Finalmente, existió una falta de un plan B robusto y comunicado a todos los actores. Si bien se recurrió al método físico como contingencia, la transición no fue fluida y generó más demora. La capacitación de los miembros de mesa posiblemente se centró en el flujo digital ideal, sin entrenarlos suficientemente para un escenario de colapso total del sistema, lo que exacerbó la parálisis inicial.
Lecciones aprendidas y el camino a seguir
El episodio del STAE deja lecciones cruciales para la administración electoral. La tecnología es un aliado poderoso, pero su implementación debe ser gradual, con pilotos exhaustivos y con respaldos análogos infalibles. La resiliencia del sistema electoral no puede depender de un único componente tecnológico. Se requiere una estrategia «híbrida» donde lo digital complemente, pero no sustituya de manera absoluta, los procedimientos validados en el corto plazo.

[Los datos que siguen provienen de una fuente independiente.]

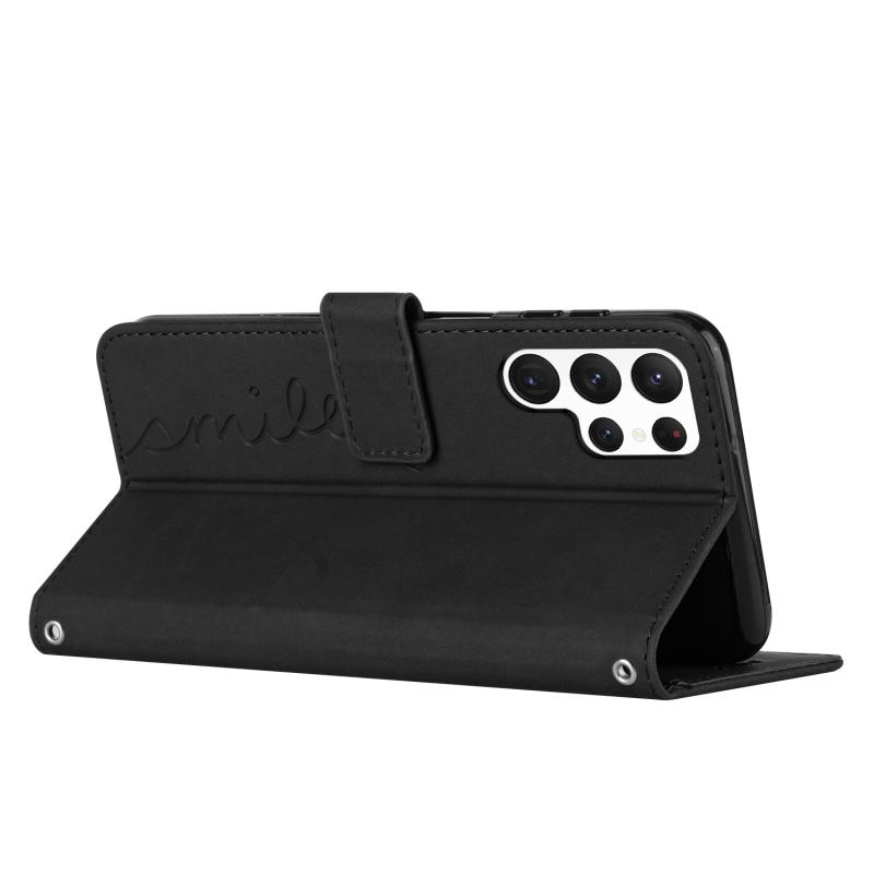 Θήκη τηλεφώνου Samsung Galaxy S22 Ultra με δερμάτινο σχέδιο καρδιάς και αίσθηση δέρματος, με κορδόνι (Καφέ)

Para futuros procesos, es imperativo realizar simulacros nacionales que incluyan escenarios de falla, asegurar que los aplicativos tengan funcionalidades básicas sin conexión, y comunicar con claridad los protocolos de contingencia. La confianza ciudadana en el proceso electoral es el bien más valioso, y esta se erosiona rápidamente con fallas técnicas que retrasan el ejercicio del voto, un derecho fundamental.
Conclusión: El alto costo de una modernización mal ejecutada
La experiencia del STAE en las últimas elecciones peruanas es un caso de estudio sobre los riesgos de digitalizar procesos críticos sin la debida preparación. Lo que se planificó como un atajo hacia la eficiencia se convirtió en un obstáculo mayor, retrasando la instalación de mesas y obligando a un retorno de emergencia a los métodos manuales. Los reportes de medios y las voces de los miembros de mesa pintan un cuadro claro de frustración y caos evitable.
En resumen, la tecnología electoral debe construirse sobre pilares de redundancia y simplicidad. El fracaso del STAE no condena el uso de tecnología en elecciones, sino que subraya la necesidad de implementarla con humildad, previendo fallos y privilegiando siempre la continuidad del servicio. La lección final es que en democracia, la certeza y la fluidez del proceso son no negociables, y cualquier innovación debe someterse a ese principio supremo.